How text is understood by AI models is also important, so let’s look a little deeper at tokens. GPT-3 was trained on roughly 500 billion tokens, which allows its language models to more easily assign meaning and predict plausible follow-on text by mapping them in vector-space. Many words map to single tokens, though longer or more complex words often break down into multiple tokens. On average, tokens are roughly four characters long. OpenAI has stayed quiet about the inner workings of GPT-4 and GPT-4o, but we can safely assume it was trained on much the same dataset since it’s even more powerful.

Block of text broken down into GPT-3 tokens and characters.

All the text tokens came from a massive corpus of data written by humans, at least for GPT-3. That includes books, articles, and other documents across all different topics, styles, and genres—and an unbelievable amount of content scraped from the open internet. Basically, it was allowed to crunch through the sum total of human knowledge to develop the network it uses to generate text.

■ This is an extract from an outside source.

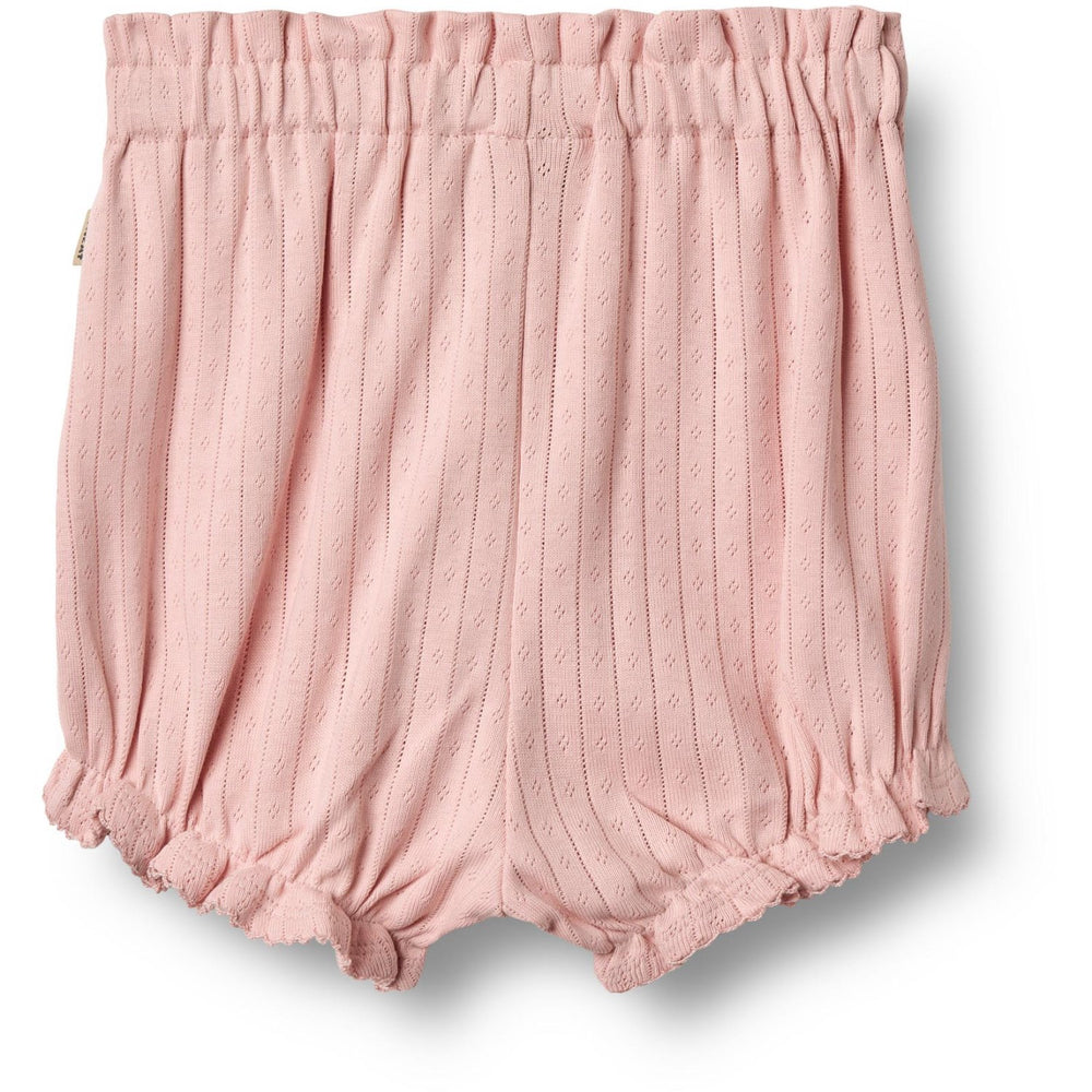 Gør hverdagen blødere og smukkere for din lille med Wheat Rose Sprinkle Jersey Shorts Lace Sonja. Disse charmerende shorts er lavet af 100% økologisk bomuld, designet til at sikre ultimativ komfort og bevægelsesfrihed. Den justerbare elastik i taljen og det bløde rib med pointellemønster og smukke picotkanter/blonder forneden tilføjer funktionalitet og stil. Perfekt til både almindelig leg og festligere anledninger, når de kombineres med en fin bluse eller skjorte. Oeko-Tex® Standard 100 og GOTS-certificeret for din tryghed.

Now, researchers are running out of human-created training data, so GPT-4 and later models may also be trained on synthetic—or AI-created—training data.

Based on all that training, GPT-3’s neural network has 175 billion parameters or variables that allow it to take an input—your prompt—and then, based on the values and weightings it gives to the different parameters (and a small amount of randomness), output whatever it thinks best matches your request. OpenAI hasn’t said how many parameters GPT-4 has, but it’s a safe guess that it’s more than 175 billion and less than the once-rumored 100 trillion parameters. Regardless of the exact number, more parameters doesn’t automatically mean better. Some of GPT-4’s increased power probably comes from having more parameters than GPT-3, but a lot is probably down to improvements in how it was trained.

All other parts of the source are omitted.